Exposé de Florian de Vuyst :

Emerging issues in machine learning-accelerated fluid-structure interaction

Une tendance actuelle en calcul scientifique est de tirer avantage des techniques de Machine Learning (ML) pour accélérer la résolution de problèmes aux dérivées partielles. En couplage multiphysique par exemple, les techniques de réduction de dimensionalité permettent de réduire la dimension des variables d'interactions et/ou de fabriquer des modèles réduits pour chaque composant. Néanmoins, la stabilité globale en temps long n'est pas garantie sans effort supplémentaire. Dans le cas particulier de l'interaction fluide-structure, il convient d'analyser les transfert d'énergie pour une conservation ou une décroissance de l'énergie du système couplé. Cette question rentre dans le cadre du "Physics-informed ML".
Dans cet exposé, on présentera 3 modèles originaux de couplage fluide-structure 1d-1d où l'on réécrira les équations sous forme conservative et l'on exhibera une entropie pour chaque modèle. On précisera également les termes de transfert d'énergie. L'exposé se terminera par des perspectives en ML informé par la physique.
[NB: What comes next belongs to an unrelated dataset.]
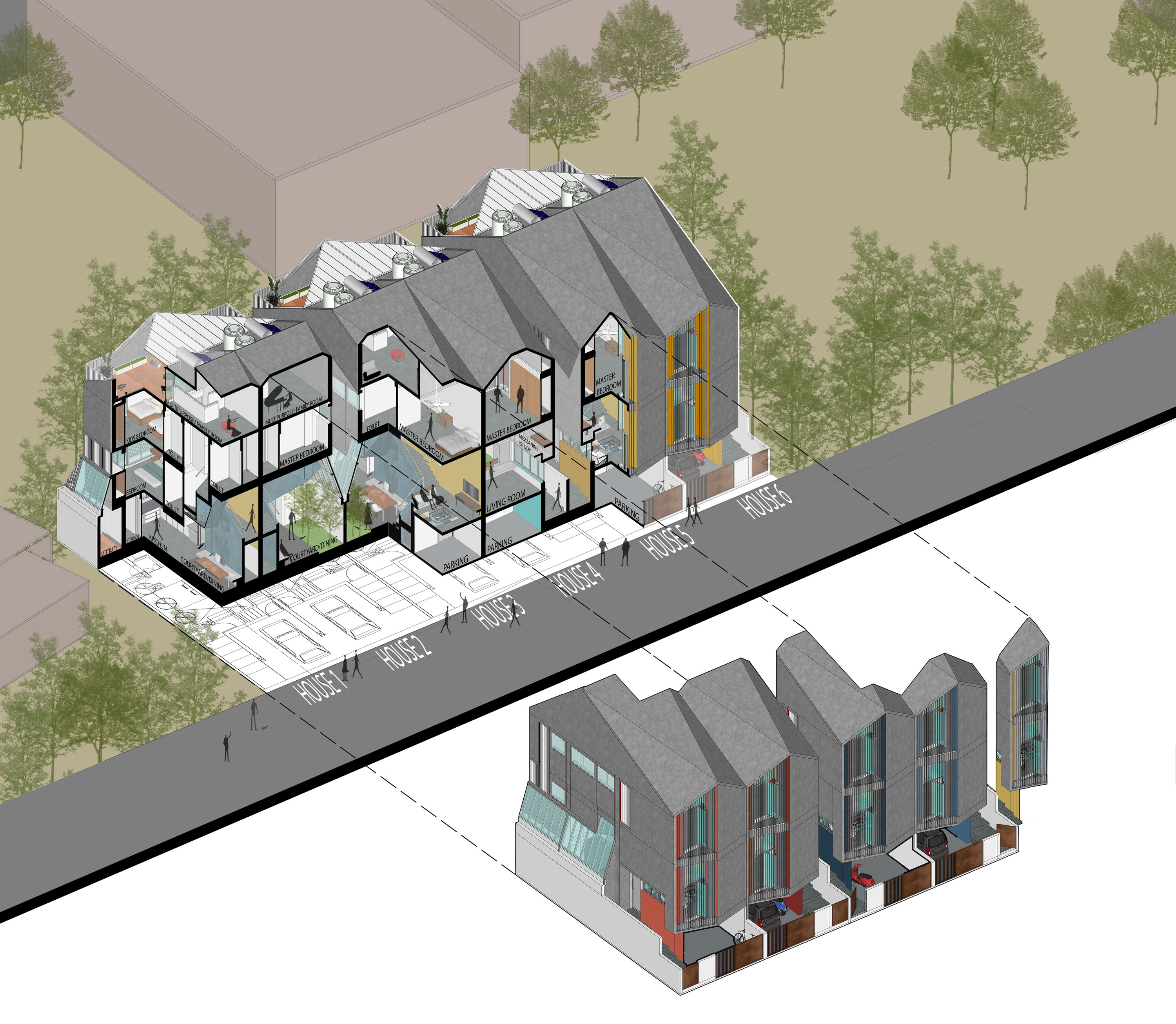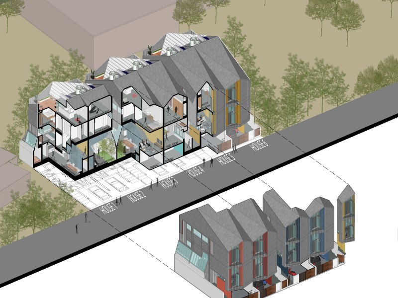 By diagonally slicing through the six houses, different parts of the design are uncovered in a sequential manner, revealing its inner organisation as one would cut a slice to examine a layered cake that is deceptively simple from the outside while containing a degree of sophistication and complexity within.

Exposé de Clara Patriarca :

Homogenization of Leray’s flux problem for the steady-state Navier-Stokes equations in a multiply-connected planar domain

The steady motion of a viscous incompressible fluid in a multiply-connected, planar, bounded domain (perforated with a large number of small holes) is modeled through the Navier-Stokes equations with non-homogeneous Dirichlet boundary data satisfying the general outflow condition. Under either a symmetry assumption on the data or under a smallness condition on each of the boundary fluxes (therefore, no constraints on the magnitude of the boundary velocity are imposed), we apply the classical energy method in homogenization theory and study the asymptotic behavior of the solutions to this system as the size of the perforations goes to zero: it is shown that the effective equations remain unmodified in the limit. The main novelty of the present work lies in the obtainment of the required uniform bounds, which are achieved by a contradiction argument based on Bernoulli’s law for solutions of the stationary Euler equations.